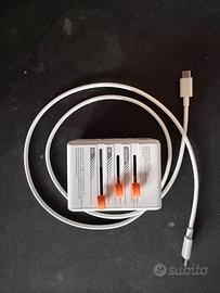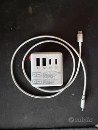 L'adattatore è perfettamente funzionante ed è dotato di 2 porte USB-A e 3 porte USB-C di cui una a ricarica rapida. Nella vendita è compreso anche un cavo USB-C.
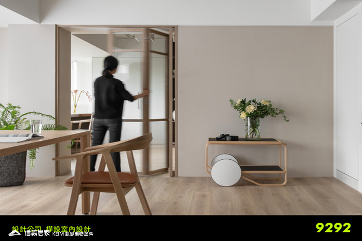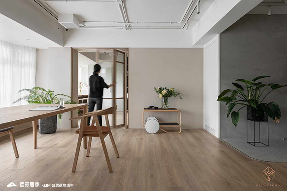 比起淺色木地板,暖色調的地板能讓空間看起來更為溫馨質樸,同時也是想打造日式無印風第一選擇。牆面的配色邏輯與淺色木地板相似(如色號9870),特別推薦往大地色系、奶茶色系的方向(如色號9292)挑選,使整體空間與木質元素相互呼應,輕鬆勾勒出溫潤的居家氛圍。
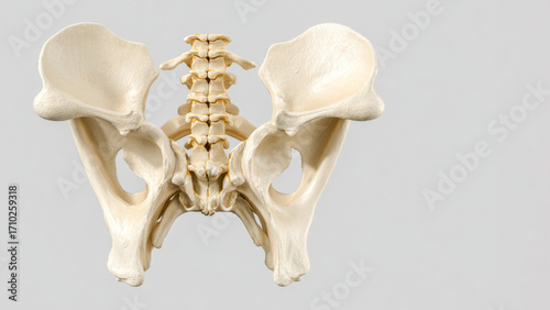 © Konstantin divelook, Naklejka premium Detailed view of human pelvis and spine anatomy displayed for educational purposes in a clean, bright environment
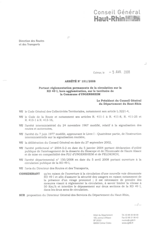 portant réglementation permanente de la circulation sur la RD 49 I, hors agglomération, sur le territoire de la commune d'UNGERSHEIM. Resumé Pièces jointes ARRETE Assemblée : Non défini Date : 05/04/2008 Rapporteur : Non défini Collectivité : Conseil départemental du Haut-Rhin Direction : Non défini Service : Direction des Routes Domaine : Circulation Commission :
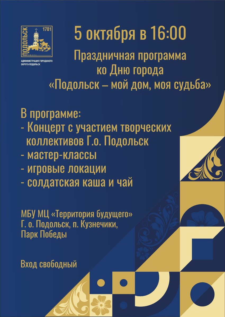 ✨ Праздничная программа в п. Кузнечики ▶️ Концерт ▶️Мастер-классы ▶️ Игровые локации ▶️ Солдатскач каша и чай ☕ 🚫 Возраст: 0+ 📆 05.10.2025 🕒 16:00 🏢 Молодёжный центр "Территория Будущего" 📍 г. Подольск, п. Кузнечики, 8а 💰 Вход свободный❗️ ⭐Поддержать канал голосом 💰 Вакансия - курьер в Подольске ✅ Мероприятия Подольск https://dzen.ru/id/66ed500f7b5671493eca3fd6 http://vk.com/podolsk_events http://dzen.ru/podolsk_events

◇ ◇ ◇

ACTIVITY: All of the material above should be reproduced exactly, except the pictures.

RESULT OF THIS EXERCISE:
 L'adattatore è perfettamente funzionante ed è dotato di 2 porte USB-A e 3 porte USB-C di cui una a ricarica rapida. Nella vendita è compreso anche un cavo USB-C.
 比起淺色木地板,暖色調的地板能讓空間看起來更為溫馨質樸,同時也是想打造日式無印風第一選擇。牆面的配色邏輯與淺色木地板相似(如色號9870),特別推薦往大地色系、奶茶色系的方向(如色號9292)挑選,使整體空間與木質元素相互呼應,輕鬆勾勒出溫潤的居家氛圍。
 © Konstantin divelook, Naklejka premium Detailed view of human pelvis and spine anatomy displayed for educational purposes in a clean, bright environment
 portant réglementation permanente de la circulation sur la RD 49 I, hors agglomération, sur le territoire de la commune d'UNGERSHEIM. Resumé Pièces jointes ARRETE Assemblée : Non défini Date : 05/04/2008 Rapporteur : Non défini Collectivité : Conseil départemental du Haut-Rhin Direction : Non défini Service : Direction des Routes Domaine : Circulation Commission :
 ✨ Праздничная программа в п. Кузнечики ▶️ Концерт ▶️Мастер-классы ▶️ Игровые локации ▶️ Солдатскач каша и чай ☕ 🚫 Возраст: 0+ 📆 05.10.2025 🕒 16:00 🏢 Молодёжный центр "Территория Будущего" 📍 г. Подольск, п. Кузнечики, 8а 💰 Вход свободный❗️ ⭐Поддержать канал голосом 💰 Вакансия - курьер в Подольске ✅ Мероприятия Подольск https://dzen.ru/id/66ed500f7b5671493eca3fd6 http://vk.com/podolsk_events http://dzen.ru/podolsk_events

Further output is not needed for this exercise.